The example demonstrates that we can still use a values.yaml file to override the default Helm values for changing the log configuration, for example:


defaultConfiguration:
  ...
  log4j-operator.properties: |+
    rootLogger.appenderRef.file.ref = LogFile
    appender.file.name = LogFile
    appender.file.type = File
    appender.file.append = false
    appender.file.fileName = ${sys:log.file}
    appender.file.layout.type = PatternLayout
    appender.file.layout.pattern = %d{yyyy-MM-dd HH:mm:ss,SSS} %-5p %-60c %x - %m%n    

jvmArgs:
  webhook: "-Dlog.file=/opt/flink/log/webhook.log -Xms256m -Xmx256m"
  operator: "-Dlog.file=/opt/flink/log/operator.log -Xms2048m -Xmx2048m"

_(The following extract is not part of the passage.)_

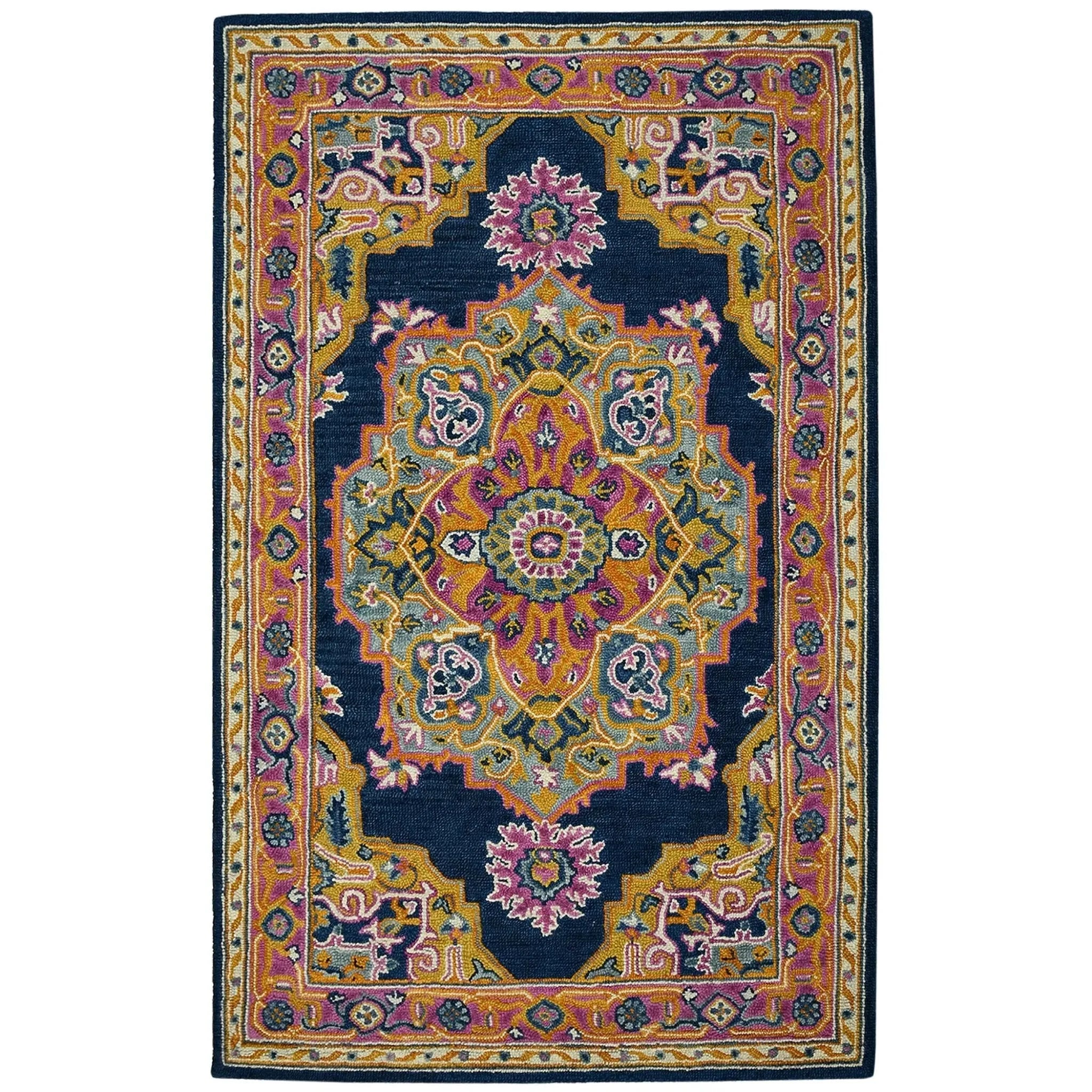 You will adore this bright, bohemian area rug featuring bold colors in a thick, plush design. Hand-tufted with pride in India of 100% New Zealand wool, it is as sturdy as it is soft. Featuring a cotton backing to prevent some sliding and shifting, this rug is the perfect addition to your bohemian or transitional home.
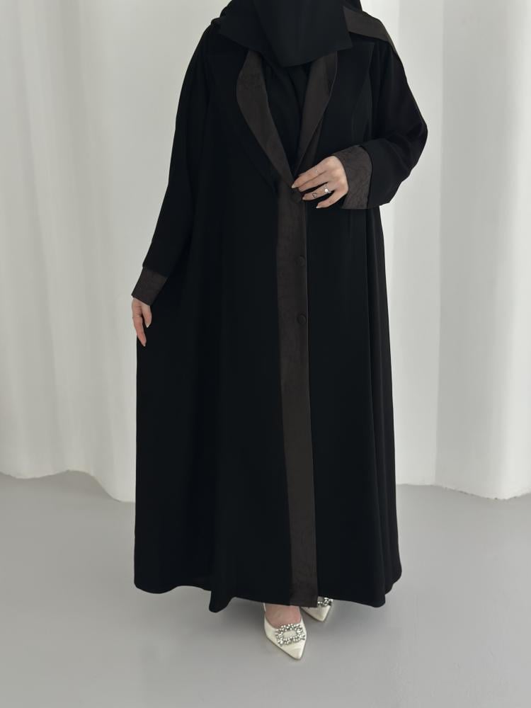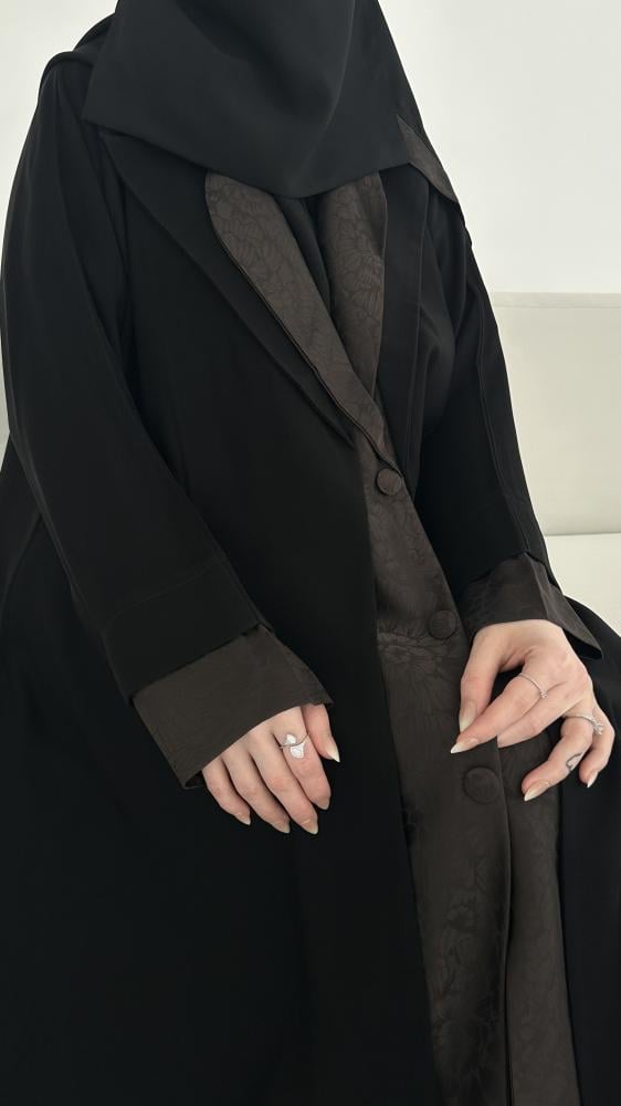 راقية بخامة كريب ملكي ناعم تنسدل بانسيابية فاخرة، وتتميّز بتفاصيل من الجاكار الياباني المزخرف على الحواف، تضيف لمسة فنية أنثوية وعصرية.

But we cannot ingest our fluent-bit sidecar for example unless we patch the deployment using kustomize

################################################################################
#  Licensed to the Apache Software Foundation (ASF) under one
#  or more contributor license agreements.  See the NOTICE file
#  distributed with this work for additional information
#  regarding copyright ownership.  The ASF licenses this file
#  to you under the Apache License, Version 2.0 (the
#  "License"); you may not use this file except in compliance
#  with the License.  You may obtain a copy of the License at
#
#      http://www.apache.org/licenses/LICENSE-2.0
#
#  Unless required by applicable law or agreed to in writing, software
#  distributed under the License is distributed on an "AS IS" BASIS,
#  WITHOUT WARRANTIES OR CONDITIONS OF ANY KIND, either express or implied.
#  See the License for the specific language governing permissions and
# limitations under the License.
################################################################################

apiVersion: apps/v1
kind: Deployment
metadata:
  name: not-important
spec:
  template:
    spec:
      containers:
        - name: flink-kubernetes-operator
          volumeMounts:
            - name: flink-log
              mountPath: /opt/flink/log
          resources:
            requests:
              memory: "2.5Gi"
              cpu: "1000m"
            limits:
              memory: "2.5Gi"
              cpu: "2000m"
        - name: flink-webhook
          volumeMounts:
            - name: flink-log
              mountPath: /opt/flink/log
          resources:
            requests:
              memory: "0.5Gi"
              cpu: "200m"
            limits:
              memory: "0.5Gi"
              cpu: "500m"
        - name: fluentbit
          image: fluent/fluent-bit:1.8.12
          command: [ 'sh','-c','/fluent-bit/bin/fluent-bit -i tail -p path=/opt/flink/log/*.log -p multiline.parser=java -o stdout' ]
          volumeMounts:
            - name: flink-log
              mountPath: /opt/flink/log
      volumes:
        - name: flink-log
          emptyDir: { }

You can try out the example using the following command:

helm install flink-kubernetes-operator helm/flink-kubernetes-operator -f examples/kustomize/values.yaml --post-renderer examples/kustomize/render

By examining the sidecar output you should see that the logs from both containers are being processed from the shared folder:

[2022/04/06 10:04:36] [ info] [input:tail:tail.0] inotify_fs_add(): inode=3812411 watch_fd=1 name=/opt/flink/log/operator.log
[2022/04/06 10:04:36] [ info] [input:tail:tail.0] inotify_fs_add(): inode=3812412 watch_fd=2 name=/opt/flink/log/webhook.log

Check out the kustomize repo for more advanced examples.

Please note that post-render mechanism will always override the Helm template values.